NJ.com, 10-Dec-15
By Steve Strunsky
A state judge has ordered Weehawken to complete a new tax map by July 2016, a necessary step in what would be the township's first revaluation in 23 years, the mayor and plaintiffs in a lawsuit confirmed.
The tax map deadline order is the latest update in a suit filed last year charging that Weehawken's failure to conduct a revaluation updating assessments on older properties while assessing new ones at market value has created an unfair tax burden on waterfront property owners.
The four named plaintiffs, who include retired New York Giants great Amani Toomer, are among 175 members of the Concerned Citizens of Weehawken, a group made up of property owners at the Bronwstones at Port Imperial, Henley on Hudson, Riva Point and Avenues waterfront developments.
"Our expert and lawyer were able to successfully challenge the arguments for not completing the revaluation," the citizens group said in a statement. "Our lawyer was able to identify to the judge that there is essentially one person working on the revaluation project and the correct resources have not been allocated to getting it completed."

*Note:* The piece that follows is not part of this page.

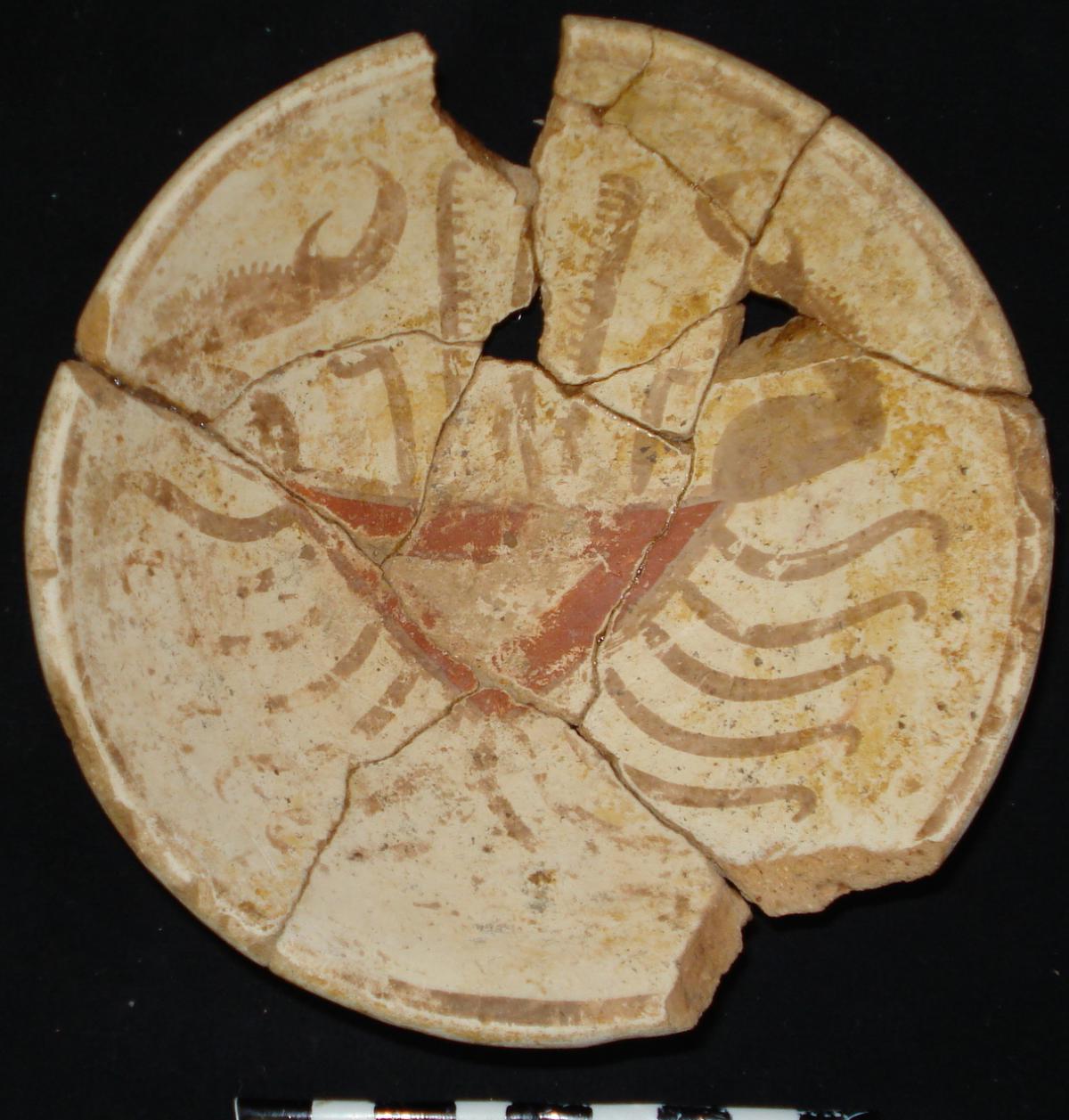 3655 - Cuenco policromo de base plana (sin soporte), con borde engrosado. Presenta engobe rojo en el exterior y blanco en el interior, con la representación de un cangrejo central y paneles geomé...

"The judge informed all parties that she would be signing an order that the tax maps must be completed by July 2016," the statement added. "As part of the same order, it dictates that the appraisal company must also be hired by June 2016 such that the revaluation can be completed effective for calendar year 2017."
The judge is Mary Siobhan Brennan of New Jersey Tax Court, who had already ruled that the revaluation itself must be completed by 2017. The Tax Court administrator in Trenton, Mary Ryan, declined to comment.
Turner confirmed that Brennan imposed the tax map deadline on Tuesday.
Brennan's order followed an unusual proceeding in the case that morning, when the township sponsored a bus tour of Weehawken's residential neighborhoods and commercial districts, hoping to demonstrate the complexity of drafting a new tax map and conducting a revaluation, and the impracticality of the judge's deadlines.
For example, Turner said many condominium buildings in Weehawken are now plotted as a single property on tax maps, either because they were industrial space or apartment complexes, but they would now have to be broken down and mapped as individual properties under current state rules.
"It's very complicated," said Turner. "You have to list each condo, not just the building."
In addition, Turner said about a third of Weehawken's total area, mainly along the waterfront, had been newly developed into townhouses or condominiums where there was once vacant land.
A spokesman for the citizen's group said the township had invited the judge to take the bus tour, but she declined.
Turner, who would not say whether Brennan took the tour, said the township would do its best to comply with the deadlines.